Excerpted data:
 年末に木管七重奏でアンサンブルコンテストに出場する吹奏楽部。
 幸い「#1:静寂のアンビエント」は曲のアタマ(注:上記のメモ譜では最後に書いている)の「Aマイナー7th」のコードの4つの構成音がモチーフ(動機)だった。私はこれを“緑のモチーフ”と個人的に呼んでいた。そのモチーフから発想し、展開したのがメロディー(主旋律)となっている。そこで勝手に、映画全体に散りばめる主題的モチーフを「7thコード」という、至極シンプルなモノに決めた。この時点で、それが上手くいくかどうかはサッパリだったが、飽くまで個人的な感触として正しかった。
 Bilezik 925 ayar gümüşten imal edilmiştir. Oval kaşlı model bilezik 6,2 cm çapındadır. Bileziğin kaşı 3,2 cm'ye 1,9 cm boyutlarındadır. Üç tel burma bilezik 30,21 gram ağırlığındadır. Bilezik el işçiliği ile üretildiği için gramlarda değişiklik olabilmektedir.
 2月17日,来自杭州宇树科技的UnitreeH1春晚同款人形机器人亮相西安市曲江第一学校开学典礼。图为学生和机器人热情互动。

---

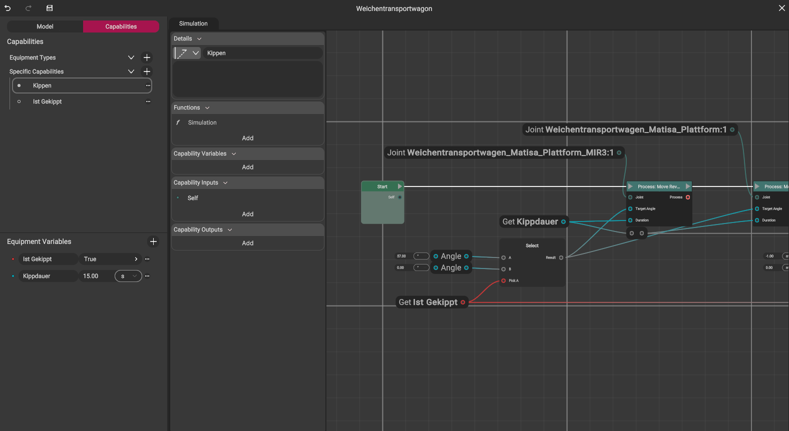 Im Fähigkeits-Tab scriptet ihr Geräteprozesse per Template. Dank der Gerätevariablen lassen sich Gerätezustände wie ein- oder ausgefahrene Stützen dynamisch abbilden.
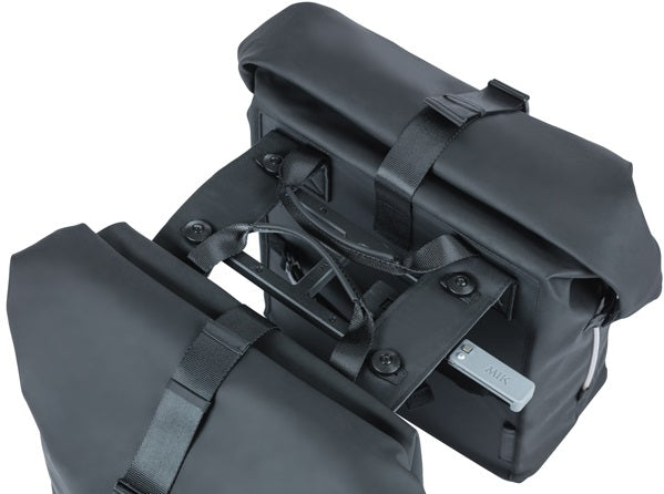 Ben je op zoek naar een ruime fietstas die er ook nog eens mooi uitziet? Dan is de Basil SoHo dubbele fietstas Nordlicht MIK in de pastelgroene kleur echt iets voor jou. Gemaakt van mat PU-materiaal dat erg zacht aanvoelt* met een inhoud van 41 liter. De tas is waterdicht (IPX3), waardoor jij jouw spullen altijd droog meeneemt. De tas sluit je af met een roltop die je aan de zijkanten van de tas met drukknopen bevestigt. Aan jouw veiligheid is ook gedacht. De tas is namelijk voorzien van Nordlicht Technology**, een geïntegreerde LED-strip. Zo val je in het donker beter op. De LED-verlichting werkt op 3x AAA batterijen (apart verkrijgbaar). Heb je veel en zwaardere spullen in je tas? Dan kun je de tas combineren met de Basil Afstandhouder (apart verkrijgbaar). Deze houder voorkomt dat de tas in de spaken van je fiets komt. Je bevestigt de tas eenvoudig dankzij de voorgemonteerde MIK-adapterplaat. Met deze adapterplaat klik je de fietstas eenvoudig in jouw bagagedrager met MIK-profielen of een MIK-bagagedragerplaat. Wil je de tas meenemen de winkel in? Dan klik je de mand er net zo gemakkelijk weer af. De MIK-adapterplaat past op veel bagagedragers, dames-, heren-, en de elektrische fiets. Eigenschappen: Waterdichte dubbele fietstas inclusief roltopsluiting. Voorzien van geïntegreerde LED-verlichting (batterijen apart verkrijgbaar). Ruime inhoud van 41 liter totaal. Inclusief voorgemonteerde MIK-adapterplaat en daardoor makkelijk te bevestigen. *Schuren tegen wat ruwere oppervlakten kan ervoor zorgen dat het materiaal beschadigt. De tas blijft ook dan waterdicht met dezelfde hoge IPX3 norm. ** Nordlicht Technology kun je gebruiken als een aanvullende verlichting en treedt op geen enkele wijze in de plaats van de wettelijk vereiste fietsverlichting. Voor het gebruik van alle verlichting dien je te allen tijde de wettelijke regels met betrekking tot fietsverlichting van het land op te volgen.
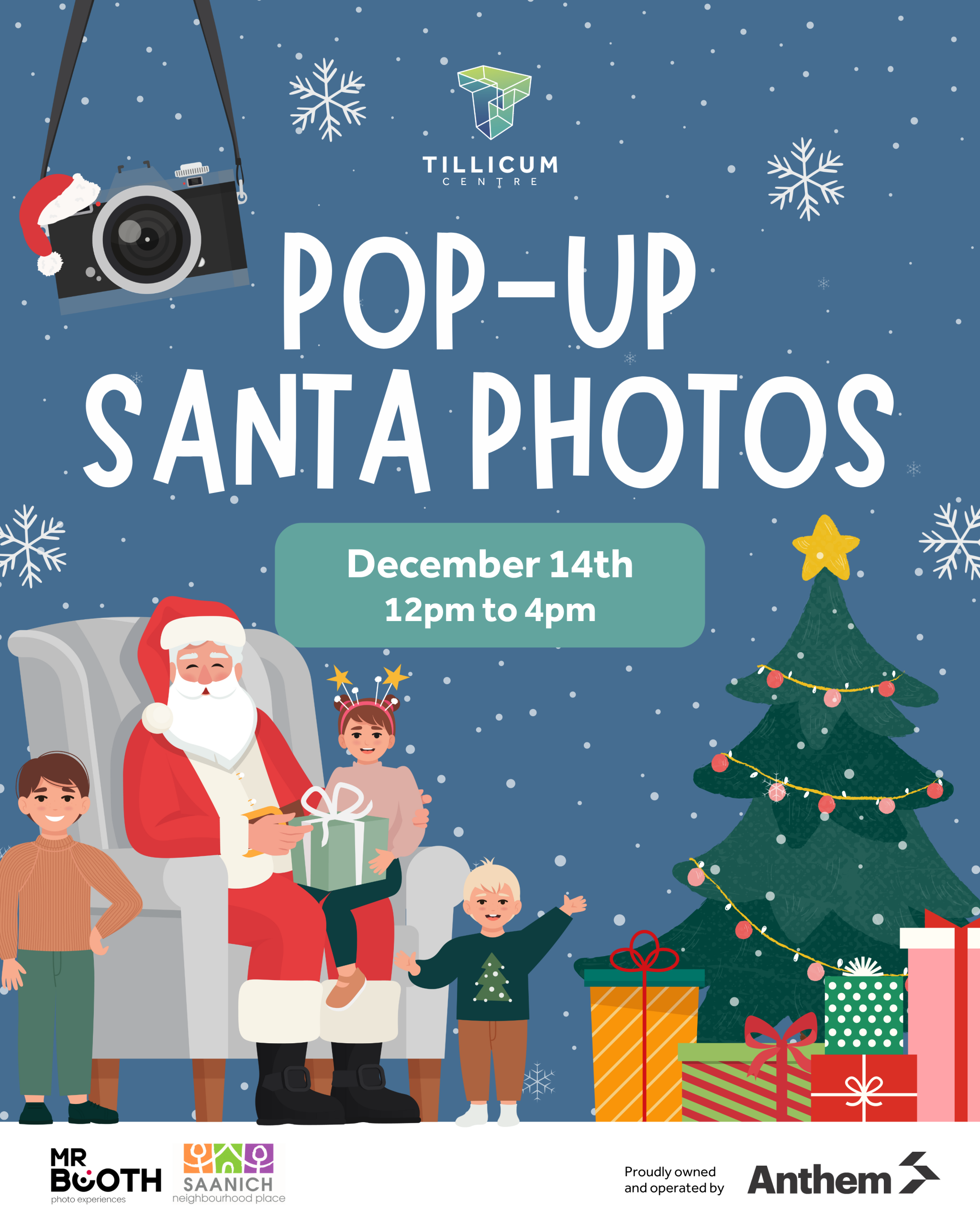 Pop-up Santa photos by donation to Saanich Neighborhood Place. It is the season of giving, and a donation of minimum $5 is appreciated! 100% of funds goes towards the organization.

--

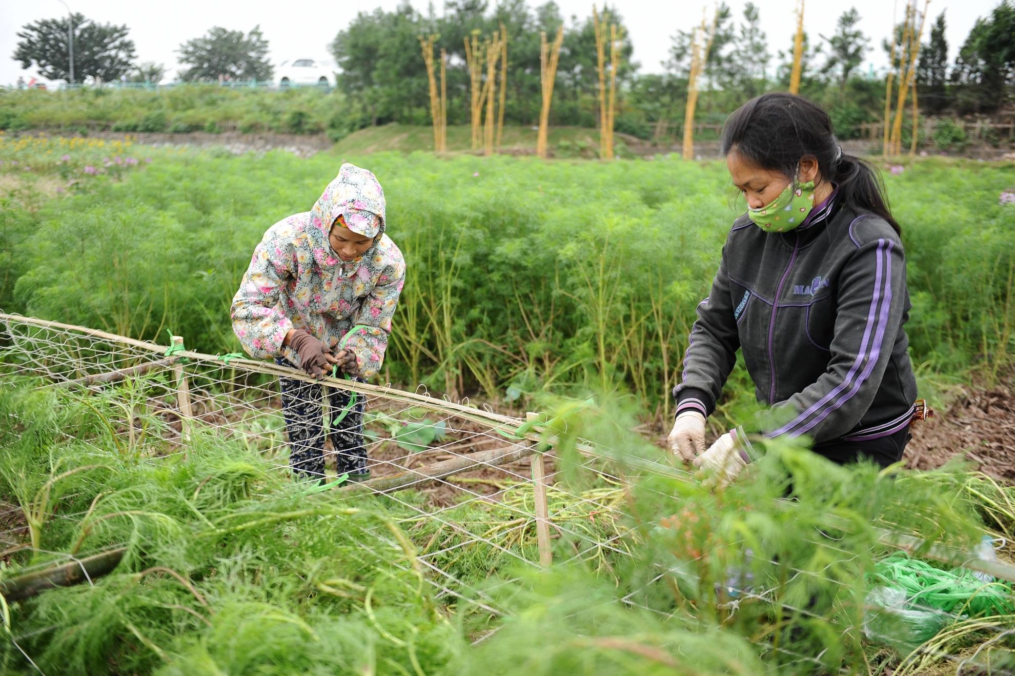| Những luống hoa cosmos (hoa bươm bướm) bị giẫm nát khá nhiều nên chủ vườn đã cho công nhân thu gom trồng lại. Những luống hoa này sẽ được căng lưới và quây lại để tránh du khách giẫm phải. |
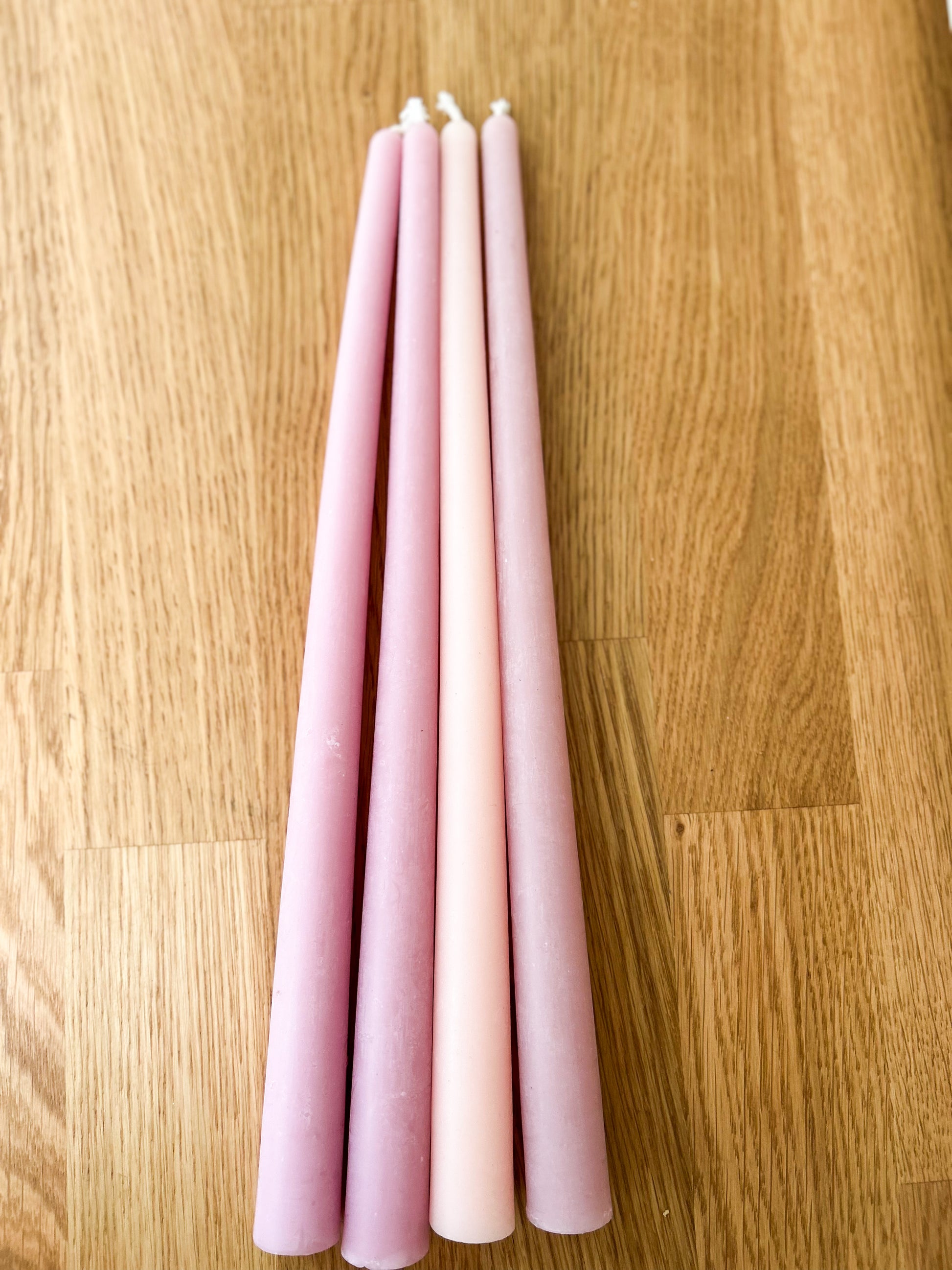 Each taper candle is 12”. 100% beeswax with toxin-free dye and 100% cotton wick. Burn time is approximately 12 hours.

Problem details: Look above for the line with "幸い「#1:静寂のアンビエン" and the line with "2月17日,来自杭州宇树科技". Retype those two lines and every line between them exactly, adding nothing.

Output:
 幸い「#1:静寂のアンビエント」は曲のアタマ(注:上記のメモ譜では最後に書いている)の「Aマイナー7th」のコードの4つの構成音がモチーフ(動機)だった。私はこれを“緑のモチーフ”と個人的に呼んでいた。そのモチーフから発想し、展開したのがメロディー(主旋律)となっている。そこで勝手に、映画全体に散りばめる主題的モチーフを「7thコード」という、至極シンプルなモノに決めた。この時点で、それが上手くいくかどうかはサッパリだったが、飽くまで個人的な感触として正しかった。
 Bilezik 925 ayar gümüşten imal edilmiştir. Oval kaşlı model bilezik 6,2 cm çapındadır. Bileziğin kaşı 3,2 cm'ye 1,9 cm boyutlarındadır. Üç tel burma bilezik 30,21 gram ağırlığındadır. Bilezik el işçiliği ile üretildiği için gramlarda değişiklik olabilmektedir.
 2月17日,来自杭州宇树科技的UnitreeH1春晚同款人形机器人亮相西安市曲江第一学校开学典礼。图为学生和机器人热情互动。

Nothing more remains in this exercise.